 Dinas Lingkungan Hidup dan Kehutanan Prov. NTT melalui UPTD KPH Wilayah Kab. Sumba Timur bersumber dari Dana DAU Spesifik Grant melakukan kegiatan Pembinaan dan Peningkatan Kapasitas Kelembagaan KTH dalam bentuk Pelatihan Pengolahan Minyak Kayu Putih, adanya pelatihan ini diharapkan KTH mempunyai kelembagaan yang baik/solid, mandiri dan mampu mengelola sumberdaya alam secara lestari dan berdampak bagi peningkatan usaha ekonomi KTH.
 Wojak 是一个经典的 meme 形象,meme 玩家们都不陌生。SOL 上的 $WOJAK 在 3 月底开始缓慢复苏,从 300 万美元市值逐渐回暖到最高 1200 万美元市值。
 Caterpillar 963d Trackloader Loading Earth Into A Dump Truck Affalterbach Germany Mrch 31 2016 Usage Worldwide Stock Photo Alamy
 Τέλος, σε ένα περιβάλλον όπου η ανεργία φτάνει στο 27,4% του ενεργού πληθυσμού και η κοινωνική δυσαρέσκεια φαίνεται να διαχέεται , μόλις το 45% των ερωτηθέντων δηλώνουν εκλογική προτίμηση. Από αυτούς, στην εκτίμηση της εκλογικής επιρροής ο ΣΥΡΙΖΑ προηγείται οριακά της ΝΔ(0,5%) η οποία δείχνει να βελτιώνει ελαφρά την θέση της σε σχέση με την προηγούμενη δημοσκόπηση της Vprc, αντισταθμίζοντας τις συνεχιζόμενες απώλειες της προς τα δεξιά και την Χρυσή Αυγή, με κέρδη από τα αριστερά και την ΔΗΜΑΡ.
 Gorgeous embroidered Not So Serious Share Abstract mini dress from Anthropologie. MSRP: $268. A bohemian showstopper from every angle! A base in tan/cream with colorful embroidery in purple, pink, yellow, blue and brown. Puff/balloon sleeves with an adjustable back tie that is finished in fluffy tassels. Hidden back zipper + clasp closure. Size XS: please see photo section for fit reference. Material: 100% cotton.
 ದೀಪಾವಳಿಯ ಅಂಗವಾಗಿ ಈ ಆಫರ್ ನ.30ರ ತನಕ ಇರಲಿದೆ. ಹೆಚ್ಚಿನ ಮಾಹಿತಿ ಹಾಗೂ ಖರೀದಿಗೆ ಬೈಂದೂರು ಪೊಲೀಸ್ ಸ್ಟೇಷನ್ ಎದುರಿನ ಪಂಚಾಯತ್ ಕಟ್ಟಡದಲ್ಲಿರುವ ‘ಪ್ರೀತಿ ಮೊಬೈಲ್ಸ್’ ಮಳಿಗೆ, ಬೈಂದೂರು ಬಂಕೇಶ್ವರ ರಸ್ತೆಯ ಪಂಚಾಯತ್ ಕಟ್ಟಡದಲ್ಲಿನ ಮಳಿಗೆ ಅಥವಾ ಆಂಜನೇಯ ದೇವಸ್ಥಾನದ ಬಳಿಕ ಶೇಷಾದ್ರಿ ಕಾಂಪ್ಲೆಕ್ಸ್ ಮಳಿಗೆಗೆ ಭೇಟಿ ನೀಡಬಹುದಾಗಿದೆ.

^^^^^^^^^^^^^^^^

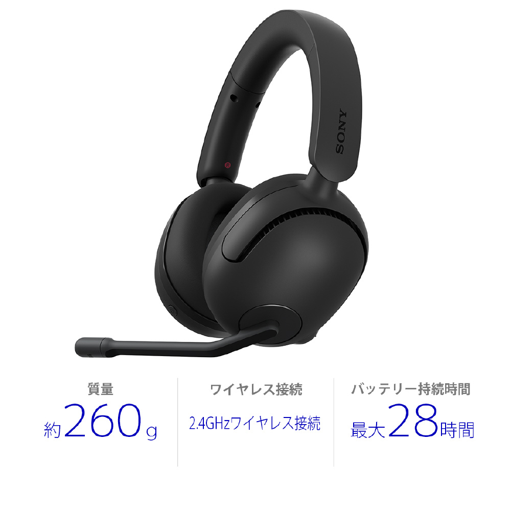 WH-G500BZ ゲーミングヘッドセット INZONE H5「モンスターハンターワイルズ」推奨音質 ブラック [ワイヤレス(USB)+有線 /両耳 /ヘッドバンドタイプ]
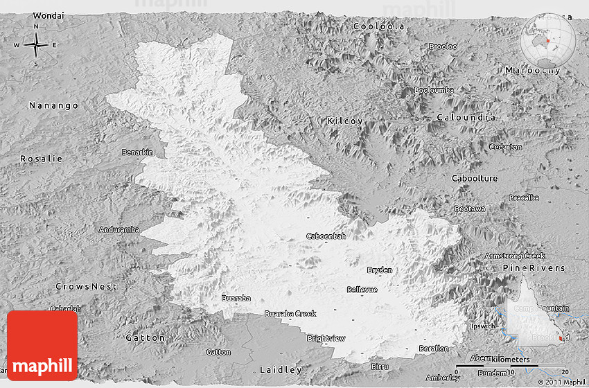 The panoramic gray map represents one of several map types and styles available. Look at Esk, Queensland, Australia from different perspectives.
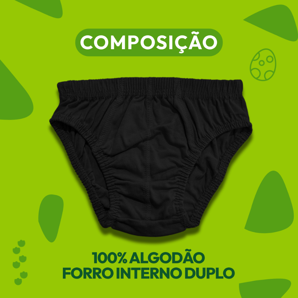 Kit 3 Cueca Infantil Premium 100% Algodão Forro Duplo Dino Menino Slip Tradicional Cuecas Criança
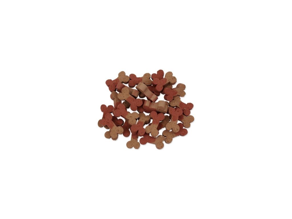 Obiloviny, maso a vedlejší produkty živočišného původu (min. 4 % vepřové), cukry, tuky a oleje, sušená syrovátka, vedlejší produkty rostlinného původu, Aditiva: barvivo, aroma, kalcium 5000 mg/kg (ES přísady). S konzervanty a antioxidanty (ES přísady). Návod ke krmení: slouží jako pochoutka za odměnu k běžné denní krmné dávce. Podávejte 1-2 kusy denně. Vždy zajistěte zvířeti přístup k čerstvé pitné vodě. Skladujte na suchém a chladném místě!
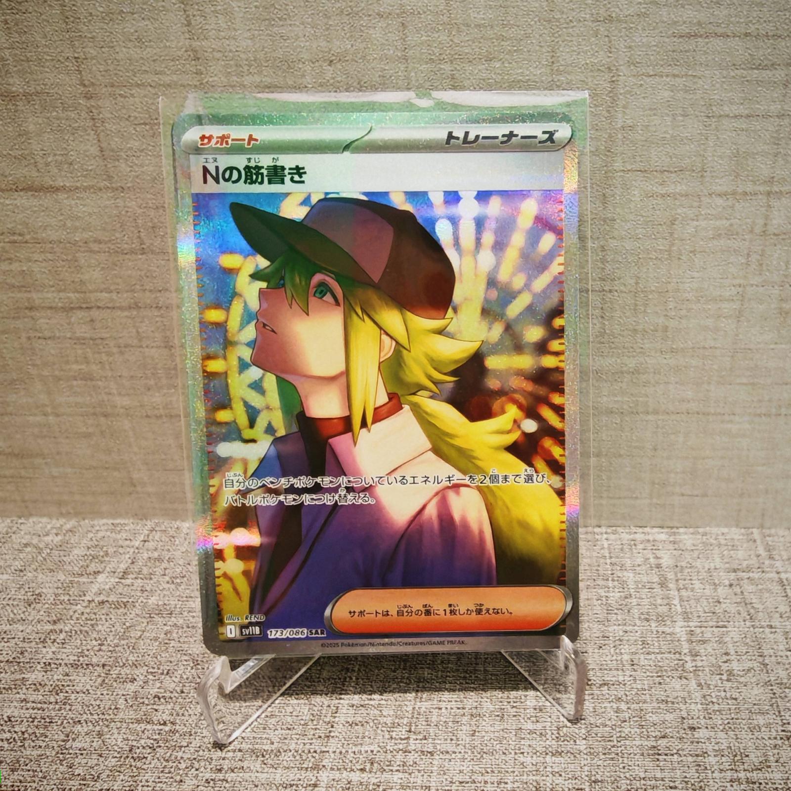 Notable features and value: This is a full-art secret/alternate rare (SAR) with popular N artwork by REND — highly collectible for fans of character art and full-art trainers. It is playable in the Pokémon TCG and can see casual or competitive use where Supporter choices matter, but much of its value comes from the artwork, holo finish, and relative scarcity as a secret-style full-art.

^^^^^^^^^^^^^^^^

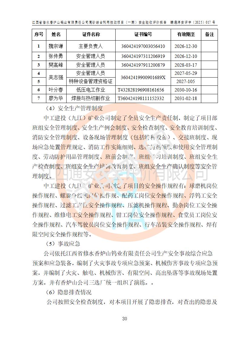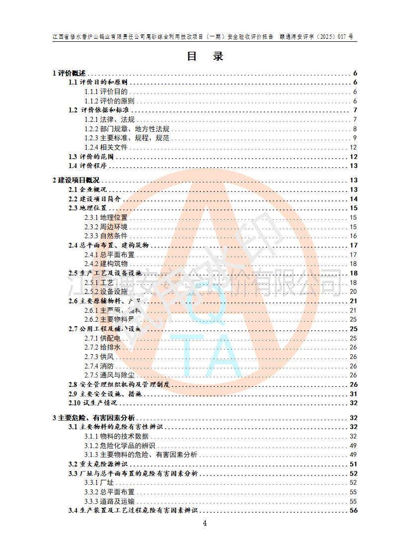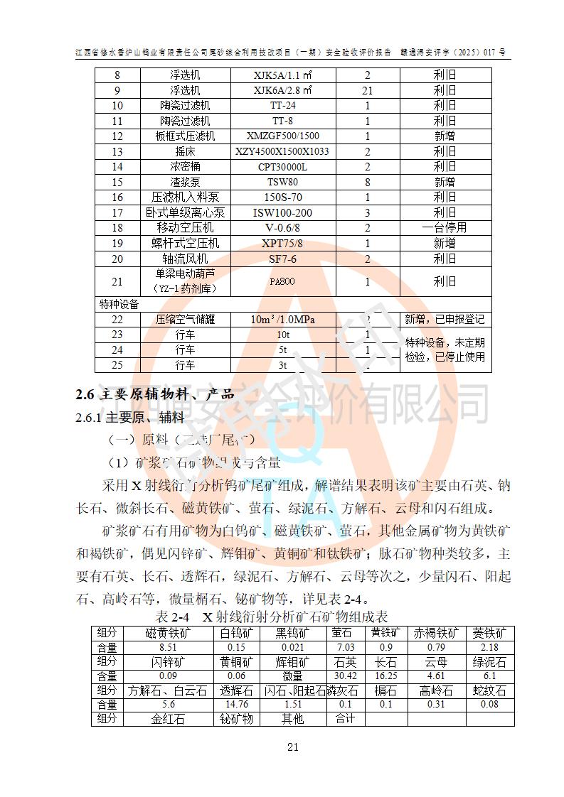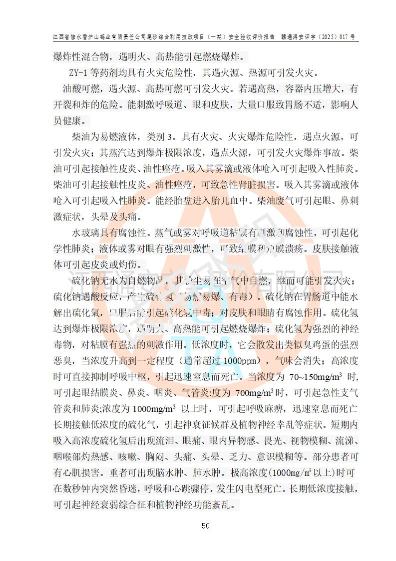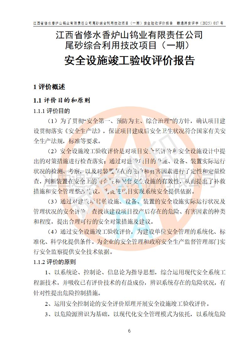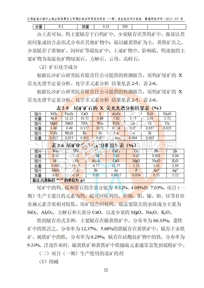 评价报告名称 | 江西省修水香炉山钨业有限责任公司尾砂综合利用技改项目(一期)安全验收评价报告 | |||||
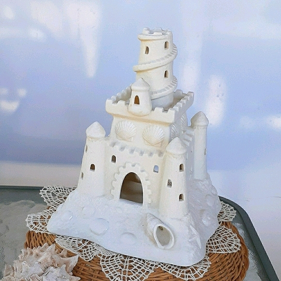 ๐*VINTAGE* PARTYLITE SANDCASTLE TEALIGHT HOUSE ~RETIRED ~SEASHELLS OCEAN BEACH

^^^^^^^^^^^^^^^^

YOUR OBJECTIVE: Between and including the line with "The panoramic gray" and the line with "Kit 3 Cueca", repeat every line exactly as it appears above, with pictures left out.

RESULT OF THE TASK:
 The panoramic gray map represents one of several map types and styles available. Look at Esk, Queensland, Australia from different perspectives.
 Kit 3 Cueca Infantil Premium 100% Algodão Forro Duplo Dino Menino Slip Tradicional Cuecas Criança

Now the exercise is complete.